Performance Philosophy paper – Cross questioning unknowns with knowing nots

In this paper, I will use the question of doing philosophy through performative acts for investigating how, through crossing of seemingly unrelated elements, new entities of questioning, knowledge. and practices are created.
“Diogenes the Dog”, the name of a human that metaphorically crossed species with canine, illustrates how such crossings produces a new knowledge. e.g. of who this particular Diogenes might be, is becoming, and how he questions and practices.

I will argue that crossing – like cross species, references, etc. –  highlights a crossing-of-elements that’s innate for Performance Art (PA). Indeed the choice of performative acts in themselves is a constant crossing between that which is “Life” and that which is “Performance”. That very crossing – life reflecting upon a performance, reflecting upon life, etc – is what I think to be an energiser/motive for using performative elements in questioning what we know, don’t know and have no idea about..

Instead of being concerned with the performance of language, speech and speaking, we have in Diogenes a performer of actions and activities, with concerns that seem not too dissimilar from contemporary performance artists. It is plausible to imagine a performance artist living inside a bath, wanking in parliament (though perhaps arrested), or plucking a chicken and declaring it human.

Dressed as a bride, the philosopher Hilan Bensusan used his cross-dressing practice to bring a murdered performer Pippa Bacca, back to life and roam the streets of Istanbul. While a performative act, such as “Brides for Peace”, which Bacca, performed with tragic outcomes was questioning the lines and links between life, performance and what we imagine possible – Bensusan’s activity was of a more philosophical nature, questioning the knowledge we think we have.

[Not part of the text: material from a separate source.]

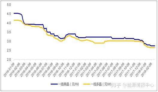 2016-2018国内多晶组件和单晶组件价格变化趋势(单位:元/瓦)

Another Performance Art/Act link in Bensusan’s philosophical lexicon is the interest in Heracletian fragments as an ongoing anarchological performative practice. Like Beuys, Bensusan makes use of archeological-like fragments to invent & subvert time. Performative acts are practised to cross, at will, between invented and shared realities of the past.
Through fragments which invoke cross questions about what might the questioning be about, what they know not, would have liked to know of the object/fragment, and become autonomous entities.
Both Beuys and Bensusan use fragments to create ways for possible information crossings that tease out desire within audiences through materials and temporality.

Like the life crossed with performance element, crossings – as a practice – contain a point-time of contact/collision between two different inquiry trajectories. That point-time, I will argue, helps identify differences in trajectories. Whereas the philosophical performative inquiry is focused on How thinking is questioned, artistic sensitivity is of how sensations of imagination are questioned. Hence, in my view, we have different, yet constantly crossable trajectories which feed one another.
Through the examination of Bensusan’s extensive work on crossings of dressing, speaking, translation, species, and its close links with PA & histories of philosophical inquiry practices, I will elaborate upon the new inroads to think and imagine both philosophy and performance.